What is needed is an exact copy of the lines in the listing below, from the one with "Dead termite swarmers in window sill." up to and including the one with "of termite swarmers", with no other lines.

Data section START

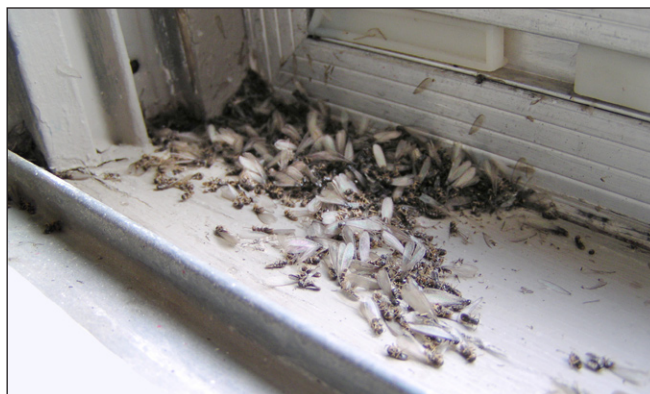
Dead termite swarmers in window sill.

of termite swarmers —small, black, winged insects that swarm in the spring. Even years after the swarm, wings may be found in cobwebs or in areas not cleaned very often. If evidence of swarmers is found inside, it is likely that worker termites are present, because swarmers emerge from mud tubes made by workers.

Data section END
Data section START

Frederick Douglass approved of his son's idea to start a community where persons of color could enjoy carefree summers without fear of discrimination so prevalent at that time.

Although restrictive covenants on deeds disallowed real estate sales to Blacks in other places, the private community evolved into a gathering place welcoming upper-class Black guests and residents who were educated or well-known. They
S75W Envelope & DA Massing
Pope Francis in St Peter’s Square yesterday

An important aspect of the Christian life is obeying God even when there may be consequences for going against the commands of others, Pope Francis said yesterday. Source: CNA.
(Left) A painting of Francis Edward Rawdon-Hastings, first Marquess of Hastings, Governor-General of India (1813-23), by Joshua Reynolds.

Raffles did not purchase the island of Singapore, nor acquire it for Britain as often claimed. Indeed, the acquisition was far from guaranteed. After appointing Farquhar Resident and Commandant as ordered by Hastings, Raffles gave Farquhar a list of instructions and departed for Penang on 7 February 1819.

Data section END
Data section START

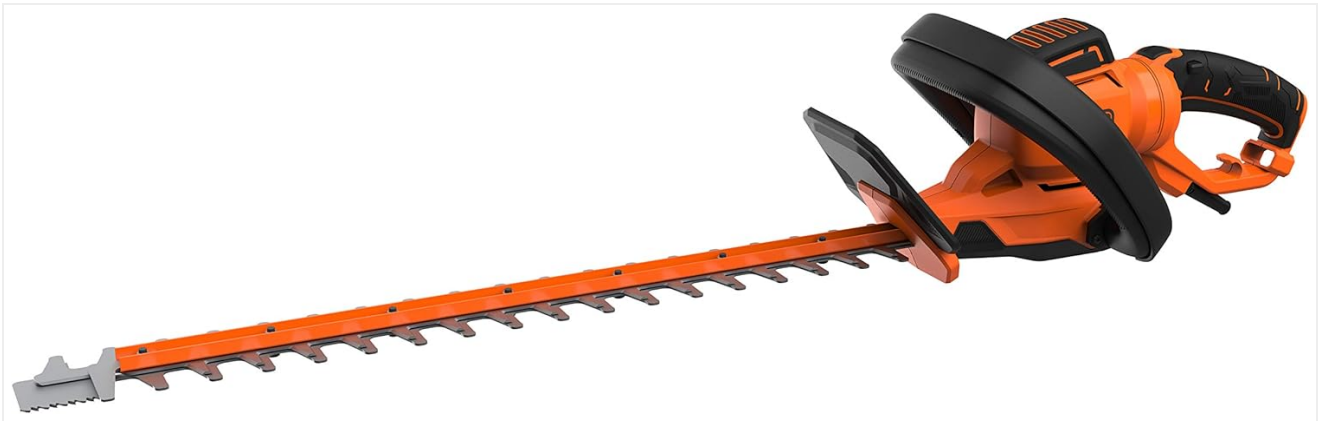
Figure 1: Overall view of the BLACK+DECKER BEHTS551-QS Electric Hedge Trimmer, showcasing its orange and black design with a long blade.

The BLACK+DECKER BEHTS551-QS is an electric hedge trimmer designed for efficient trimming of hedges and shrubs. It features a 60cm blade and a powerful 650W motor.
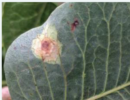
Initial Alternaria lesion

Data section END

Exercise response
Dead termite swarmers in window sill.

of termite swarmers —small, black, winged insects that swarm in the spring. Even years after the swarm, wings may be found in cobwebs or in areas not cleaned very often. If evidence of swarmers is found inside, it is likely that worker termites are present, because swarmers emerge from mud tubes made by workers.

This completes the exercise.